EP2072392A2 - Boot drive screw - Google Patents

Abstract

The boat drive propeller has propeller blades (2a,2b,2c) arranged symmetrically on an end-side of a drive shaft flange (1). An inflow opening (3) of a tapering channel (5) is provided on a leading edge of each propeller blade. The channel opens in an outflow opening (4) in an area of a trailing edge of a propeller blade. The propeller blade is made from a U-shaped sheet metal, whose opposing shank sides (6a,6b) together with a bottom side (7) form the tapering channel. A sheet metal of the propeller blade and the drive shaft flange is made from steel of same alloy.

Description

The present invention relates to a boat propeller with at least two propeller blades arranged symmetrically at the end on a drive shaft flange, wherein an inflow opening of a channel narrowing therefrom is provided at the leading edge of each propeller blade, which opens into an outflow opening in the region of the rear edge of the propeller blade in order to increase the power output of the propeller blade To generate drive.

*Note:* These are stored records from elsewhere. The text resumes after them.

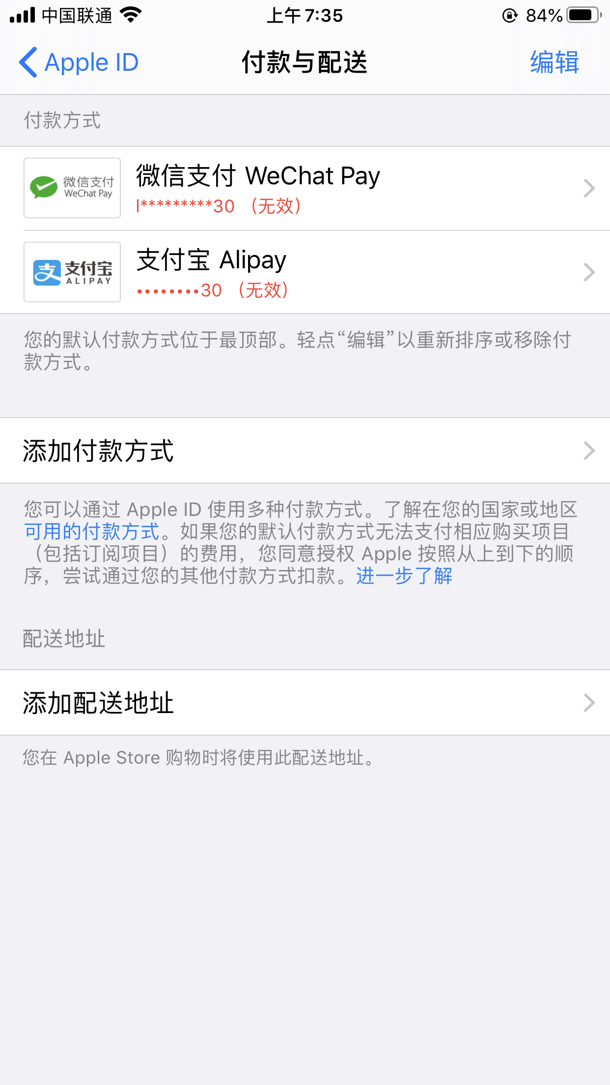 以下用户的用户个人资料: shmily shmily 用户级别: 级别 9 76,469 积分 2020年2月2日 下午9:54 回应 栾彦龙 可参考如果您的付款方式在 App Store 或 iTunes Store 中被拒绝 - Apple 支持更改、添加或移除 Apple ID 付款方式 - Apple 支持 回复 链接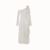 Soft, elegant, and irresistibly feminine — the “Hot Milk” dress embodies understated sophistication in a creamy knit texture. Designed with an off-shoulder neckline that highlights the collarbone, it gracefully contours the body with a smooth, elastic fit. The long, flowing silhouette enhances movement while maintaining a cozy yet refined aesthetic, perfect for effortless day-to-evening transitions.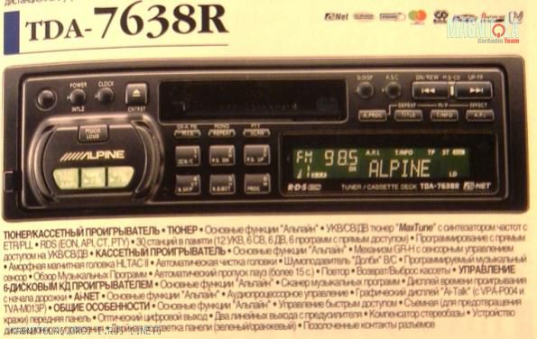 Alpine TDA-7638R до 1995г.в. (аналог Alpine TDA-7659R, но с кнопочным без электронного регулятора громкости дизайном /черный/двойная подсветка/2 pre-out/без 4V/без BBE/Dolby B/C NR/зато + оптический выход! и матричный дисплей) и Alpine TDA-7537R до 1995г.в. (черный/двойная подсветка/2 pre-out/30Wx4/ зато вообще на "салазках" - были и такие)

The field of application of boat propulsion screws extends to vessels of all sizes. Boat propellers, also called propellers, represent the most widely used propulsion device for watercraft, which is realized by a symmetrically about a drive shaft radially arranged wing. Boat drive screws are among the caseless flow machines that absorb mechanical work and deliver it in the form of flow energy to the surrounding water. The propeller blades are shaped and aligned so that they are flowed obliquely or asymmetrically upon rotation of the drive shaft from the surrounding water. This creates a pressure gradient in or opposite to the direction of motion that creates a flow of water. Every single propeller blade experiences dynamic buoyancy. The skewed dynamic buoyancy forces of the individual propeller blades superimpose their axial components into a resultant force between the medium and the boat propeller, referred to as propulsion, which drives the propeller propeller together with the connected object, the boat.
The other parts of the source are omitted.